Sivasspor’un başarılı ve sevilen futbolcusu Balili, rakip takım taraftarlarının ırkçı küfürlerine ilk kez hedef olmuyor. Dolayısıyla, bunun İsrail’in son Gazze katliamıyla ilgisi yok. Balili sadece ve yalnızca Yahudi ve İsrailli olduğu için hakarete uğruyor. Balili vakası, kuşku yok ki, Türkiye’de kişilerin sadece ve yalnızca belirli bir etnik ya da dinsel gruba mensup oldukları için aşağılanmasının, hakarete ve saldırıya uğramalarının yeni ve en çarpıcı örneklerinden biri. İnsanları etnik kökenleri veya dini inançları yüzünden aşağılamak kuşku yok ki ırkçılıktır ve ırkçılık yeryüzündeki haksızlıkların, adaletsizliklerin, dolayısıyla kötülüklerin en büyüğüdür.

Ne yazık ki ırkçılık, ülkemizde yaygın bir eğilim. Uygar toplumun en temel ilkelerinden biri olan suç ve cezanın şahsiliği ilkesini hukuk metinlerine yerleştirmeyi başardık, ama bu ilkenin zihniyet dünyamıza da yerleşmesi için ırkçılıkla mücadele şart. Bu mücadelenin etkin bir şekilde yapılabilmesi için de, ırkçılığın kaynaklarının doğru teşhisi gerekiyor.

Önce şunu belirtelim: Kişinin etnik ya da dinsel kimliği, kişiliğinin ayrılmaz bir parçasıdır. Her fert, etnik ya da dinsel kimliğinden gurur duyabilir. Her ferdin etnik ya da dinsel kimliği saygı görmelidir. Ne var ki etnik ya da dinsel kimliğe bağlılık, öteki etnik veya dinsel kimlikleri aşağı görmeye, etnik veya dinsel gruplar arasında çatışmayı tahrike yöneldiği, hele bütün tarihi etnik ya da dinsel kimlikler arasında kavga olarak yorumlamaya vardığı zaman, ırkçılığa dönüşür. Türkiye’deki ırkçılık tezahürlerinin kaynağında etnik ya da dinsel milliyetçilik olduğu muhakkak.

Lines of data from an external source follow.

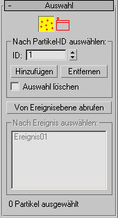 Jedes Partikel verfügt über eine eindeutige ID-Nummer, wobei das erste Partikel die ID 1 erhält und alle weiteren Partikel fortlaufend nummeriert werden. Mit den Steuerelementen in diesem Bereich können Sie Partikel nach ihren ID-Nummern auswählen bzw. ihre Auswahl aufheben. Die Steuerelemente sind nur beim Auswählen auf Partikelebene verfügbar.
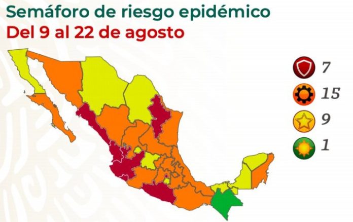 Sólo Chiapas se mantendrá en verde, mientras que habrá nueve estados en amarillo y 15 en naranja.
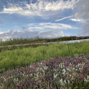 おはようございます😊 秋晴れ☀ 今日も空が綺麗💙☁🩵 ココが何処だか忘れるほど…長閑な景色に写りました♡ 「カルーナ」真夏の酷暑にも負けずに咲いていました♡ 一週間前の大阪の空💙☁ 2枚目も…🚶 同じ場所から…見上げた 「千日紅」と空🩵 何処だと思います? 3枚目… そう…ココは万博会場 「大屋根リング」の上⤴ 「多様でありながらひとつ」という万博のテーマを象徴するこのリングは、 日本の伝統的な建築技術と現代技術を融合して作られました。 ギネス世界記録にも 「最大の木造建築物」として認定されています。 大屋根リングは、単なる建築物としてだけでなく、空と海、そして世界と人をつなぐ体験を提供してくれる場所です。 一周2キロも有る遊歩道は この日 24万人を上回った入場者で2段のリングが手を繋いでる様な人の輪が出来ていました♡ 床も可愛い♡💙♥️ ✋ ♡(•ω•˵)ﻌ(˵•ω•)♡♡(•ω•˵)ﻌ(˵•ω•)♡ 実際皆んなで手を繋いだら2キロの輪◎面白いでしょうネ♡ᕷ˖° 4枚目…上から観る 入れなかった 「パビリオン🥲」達 でも空が綺麗✦🌆 海の側では遠く明石海峡大橋も見えました👀 5枚目…17:27分の 大屋根リングから観た景色💙 帰りの駅の混雑を考えなければいつまでも観ていたい景色だったけれど… ♡꒰ღ˘◡˘ღ꒱ 結局この日…二万歩♡歩いてました😅💦 光のショーを観て…今日のドローンは中止ですと言うアナウンスを聞き そろそろ体力も限界💦 会場を後にしたのでした♡
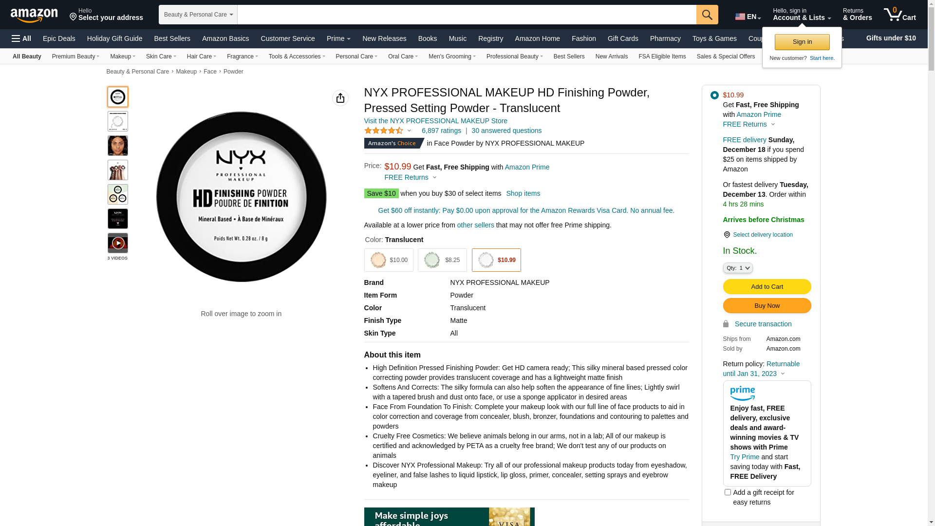 NYX PROFESSIONAL MAKEUP High Definition Powder, Translucent: Maxedbuy.com
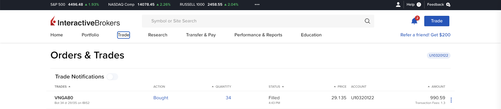 Widzimy, że zlecenie się zrealizowało po 29,123 na IBIS2, czyli Xetra. Pobrana została prowizja 1,3 EUR.
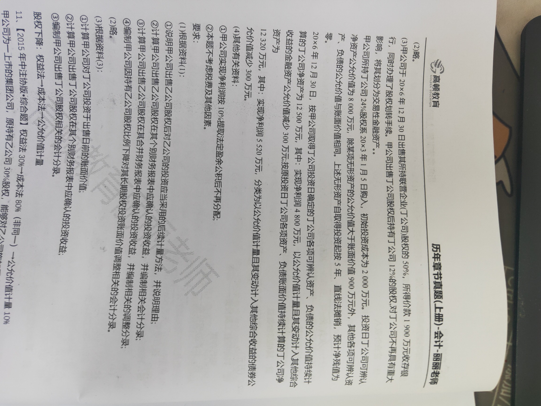 老师,标注阴影的那一句话没有看懂。甲取得丙的股权是长投呀,他...

Türkiye’de yaygın etnik ve dinsel milliyetçi zihniyete göre, Yahudiler her zaman kötü ve haksız, Müslümanlar ise her zaman iyi ve haklıdır. Bu zihniyet, Yahudilerin hemen her ülkede uğradıkları haksızlıkları, maruz kaldıkları ayrımcılığı görmeyi reddeder. İsrail ile Filistin arasındaki çatışmayı Yahudilerle Müslümanlar arasında bir kavga olarak anlar. Yahudilerin aralarındaki ayrımları, İsrail’in politikalarını tasvip edenlerle etmeyenler, İsrail’de barıştan yana olanlarla olmayanlar arasındaki farkı görmezden gelir. Yahudileri toptan mahkum eder. Bunun içindir ki Sivasspor’da oynayan İsrailli futbolcu Balili, İsrail’in devlet terörizminden şahsen sorumlu tutularak, olmadık hakaretlere maruz kalır.

Irkçılıkla mücadele ancak, yeryüzündeki kavganın milletler ya da dinler arasında değil, bir yanda hak, hukuk ve adaletten yana olanlar ile öte yanda haksızlık, hukuksuzluk ve adaletsizliği savunanlar arasında olduğunun herkesçe anlaşılmasıyla kazanılabilir. Bu mücadelede sorumluluk herkesten önce hükümetlere düşer.